1. The sample size is reasonably large: The sample size of 128 cars is considered large enough to satisfy the conditions for using the normal distribution approximation. According to the Central Limit Theorem, as long as the sample size is sufficiently large, the sampling distribution of the sample proportion will be approximately normal.

2. The population from which the sample is taken is unknown, but it is reasonable to assume that the proportion of cars with electrical problems follows a normal distribution: Although we do not have specific information about the population, it is generally reasonable to assume that the proportion of cars with electrical problems in new cars follows a normal distribution.

The mean of the sampling distribution of the sample proportion can be estimated as the population proportion, which is 14% or 0.14. The standard deviation of the sampling distribution can be calculated using the formula:

Standard deviation (σ) = sqrt(p * (1 - p) / n)
where p is the population proportion (0.14) and n is the sample size (128).

b.
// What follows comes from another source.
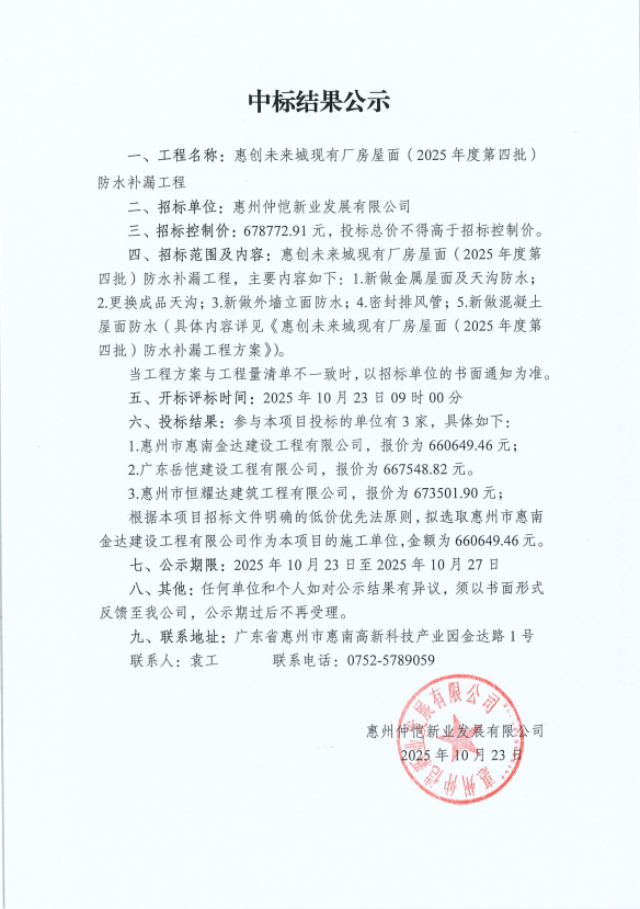 【中標(biāo)結(jié)果公示】惠創(chuàng)未來城現(xiàn)有廠房屋面(2025年度第四批)防水補漏工程

To find the probability that over 18% of the new cars will be found to have electrical problems, we need to calculate the probability of obtaining a sample proportion greater than 18% from the sampling distribution.

First, we standardize the threshold value (18%) using the formula:

Z = (x - μ) / σ
where x is the threshold value (0.18), μ is the mean of the sampling distribution (0.14), and σ is the standard deviation of the sampling distribution.

Next, we use a standard normal distribution table or a statistical software to determine the probability of obtaining a value greater than the standardized threshold Z.

By looking up the Z-score (calculated in the previous step) in the standard normal distribution table or using a statistical software, we can determine the probability associated with the Z-score. This probability represents the likelihood of observing a sample proportion greater than 18% in this scenario.